GOAL OF THE EXERCISE: Repeat the listing exactly. The images do not belong in the copy.

RAW DATA:

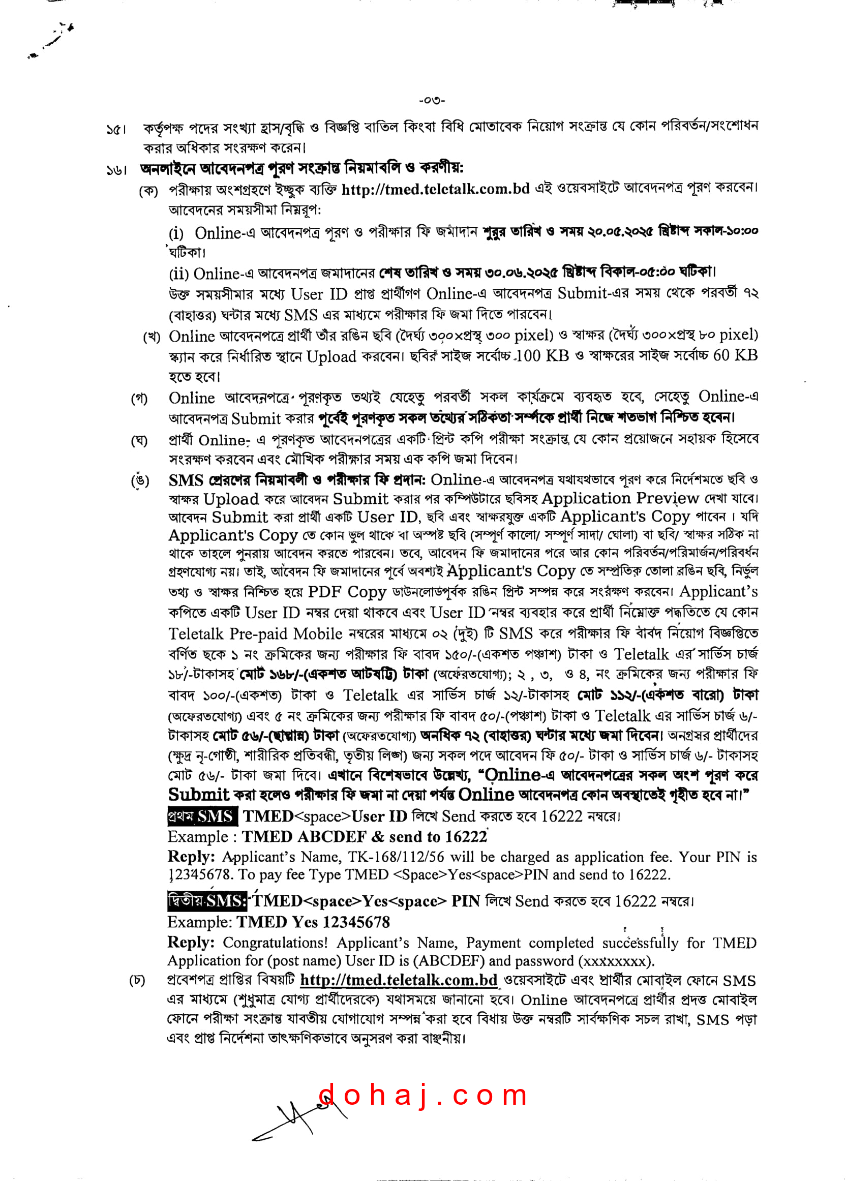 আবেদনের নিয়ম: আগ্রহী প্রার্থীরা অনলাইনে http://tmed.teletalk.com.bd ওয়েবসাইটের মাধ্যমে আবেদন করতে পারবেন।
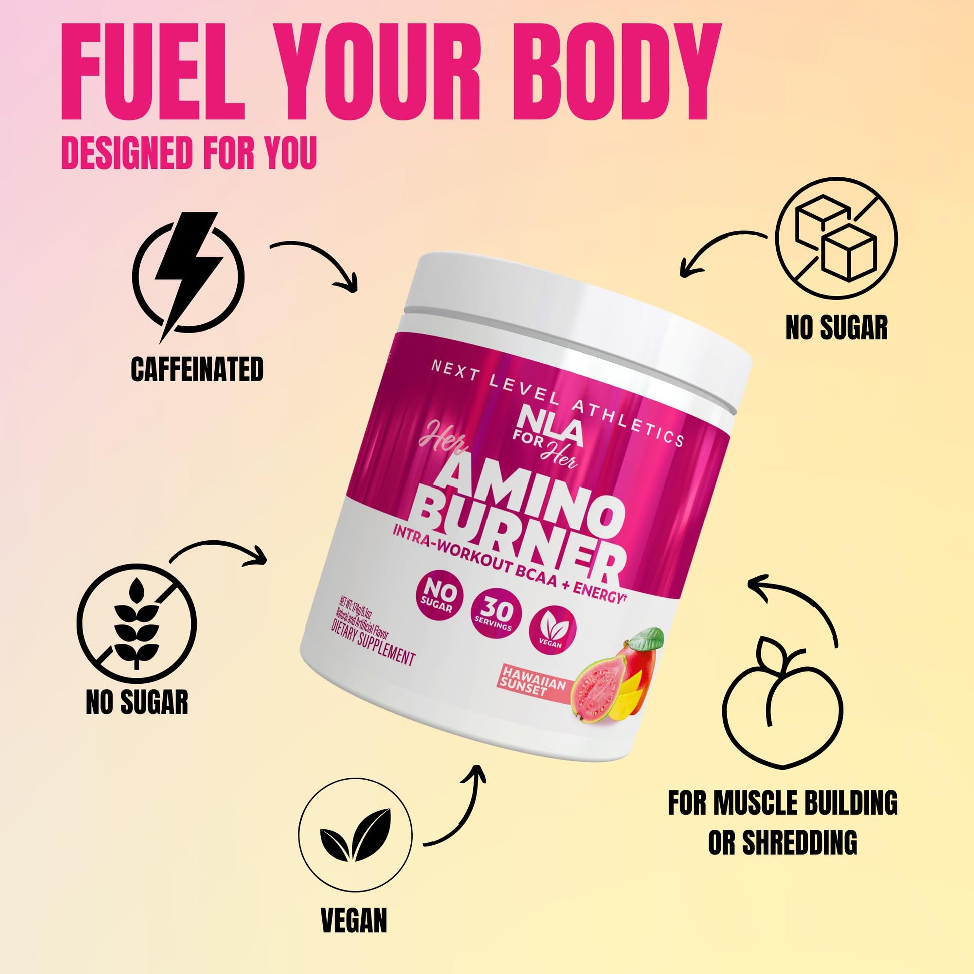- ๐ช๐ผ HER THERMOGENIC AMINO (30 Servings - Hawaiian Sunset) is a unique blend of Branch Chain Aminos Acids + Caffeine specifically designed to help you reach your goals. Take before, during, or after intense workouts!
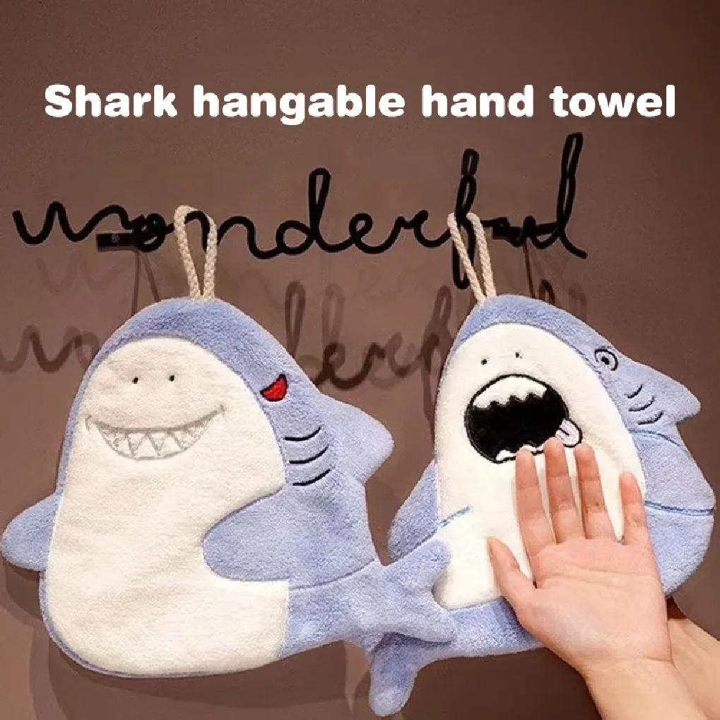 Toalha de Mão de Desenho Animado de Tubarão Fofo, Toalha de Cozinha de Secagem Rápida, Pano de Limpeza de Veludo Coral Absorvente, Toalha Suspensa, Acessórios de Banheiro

COMPLETED TASK:
 আবেদনের নিয়ম: আগ্রহী প্রার্থীরা অনলাইনে http://tmed.teletalk.com.bd ওয়েবসাইটের মাধ্যমে আবেদন করতে পারবেন।
- ๐ช๐ผ HER THERMOGENIC AMINO (30 Servings - Hawaiian Sunset) is a unique blend of Branch Chain Aminos Acids + Caffeine specifically designed to help you reach your goals. Take before, during, or after intense workouts!
 Toalha de Mão de Desenho Animado de Tubarão Fofo, Toalha de Cozinha de Secagem Rápida, Pano de Limpeza de Veludo Coral Absorvente, Toalha Suspensa, Acessórios de Banheiro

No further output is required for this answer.